[Date Prev][Date Next][Thread Prev][Thread Next][Date Index][Thread Index]

Re: [Condor-users] Segfault during basic use of standalone checkpointing



Lane Schwartz wrote:

> Hi, I'm new to condor. I just installed condor 7.4.4 on Centos 5.5,
> and I'm trying to try out standalone checkpointing for the first time.
> Unfortunately, I'm getting a segmentation fault when I try to restart
> a program using a checkpoint file.
> 
> I've been following the instructions in section 4.2.1 of the manual
> (http://www.cs.wisc.edu/condor/manual/v6.4/4_2Condor_s_Checkpoint.html).
> Details are below:
> 
> I have a program called toy.c:
> 
> $ condor_compile gcc -o toy toy.c
> LINKING FOR CONDOR ......(some more output).....
> 
> $ ./toy
> ...(TOY PROGRAM OUTPUT)....
> 
> (control-Z)
> ...(PROGRAM STOPS)...
> 
> $ ./toy -_condor_restart ./toy.ckpt.tmp
> Condor: Notice: Will restart from ./toy.ckpt.tmp
> Segmentation fault
> 
> 
> My eventual goal is to use condor for transparent checkpointing of
> jobs using SGE (Sun Grid Engine).
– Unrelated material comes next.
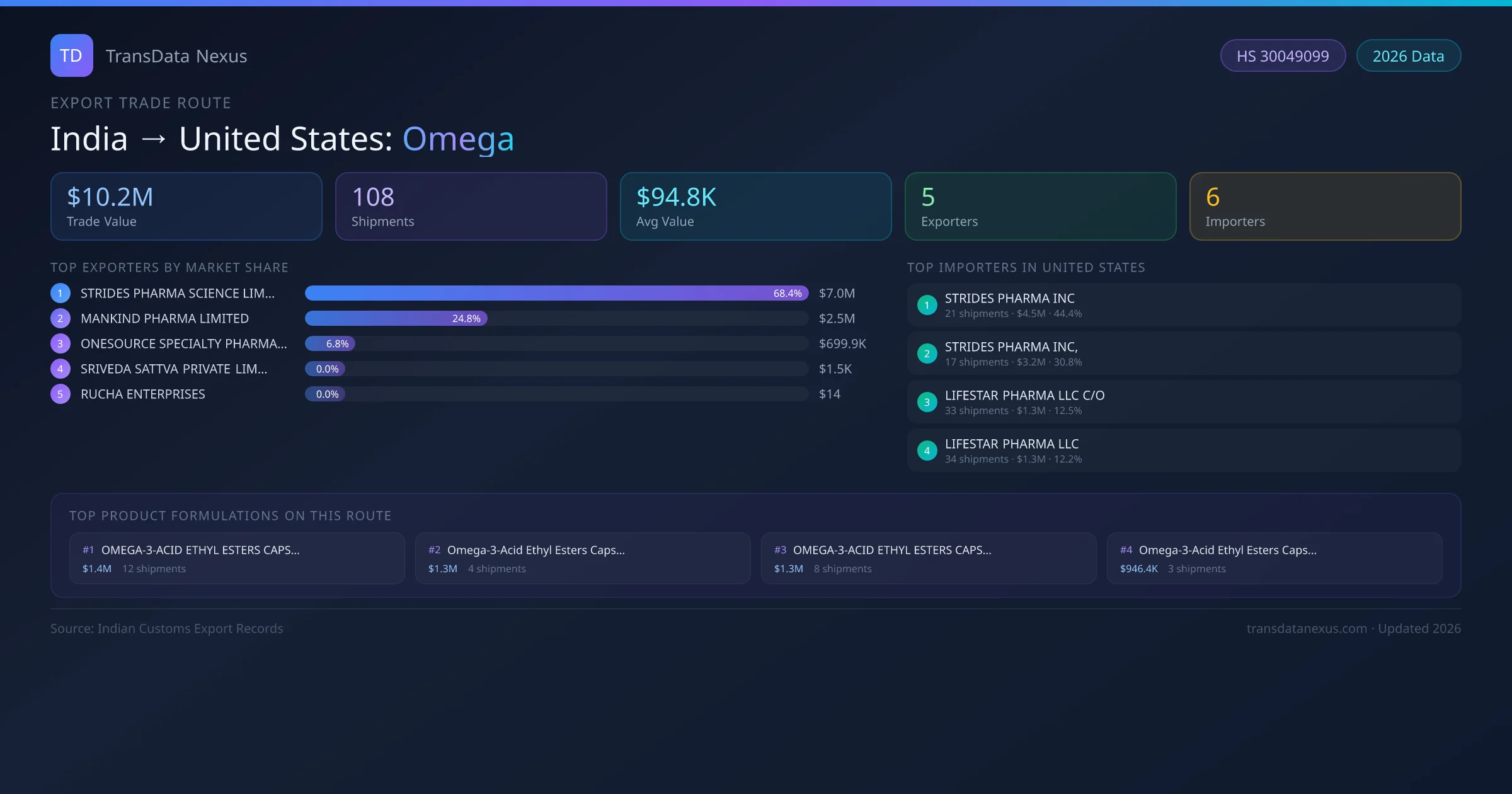 The India to United States Omega corridor is one of India's established pharmaceutical export routes, with 108 shipments documented worth a combined $10.2M USD. The route is dominated by STRIDES PHARMA SCIENCE LIMITED, which alone accounts for roughly 68% of all export value, reflecting the consolidated nature of India's omega manufacturing sector.

But at the moment I can't even get
> this toy standalone example to work. (For reference, the source for
> toy.c is below)
> 
> If anyone has any tips or pointers, or links to good tutorials on the
> use of standalone checkpointing, I'd be much obliged.

Look in the archives here:

https://lists.cs.wisc.edu/archive/condor-users/2010-September/msg00026.shtml

And here:

https://lists.cs.wisc.edu/archive/condor-users/2011-January/msg00060.shtml


Short answer:

$ setarch i386 -R -L ./toy

Or better so you get some debugging output:

$ setarch i386 -R -L ./toy -_condor_D_ALL


And then to restart:

$ setarch i386 -R -L ./toy -_condor_restart toy.ckpt

-- 
Dan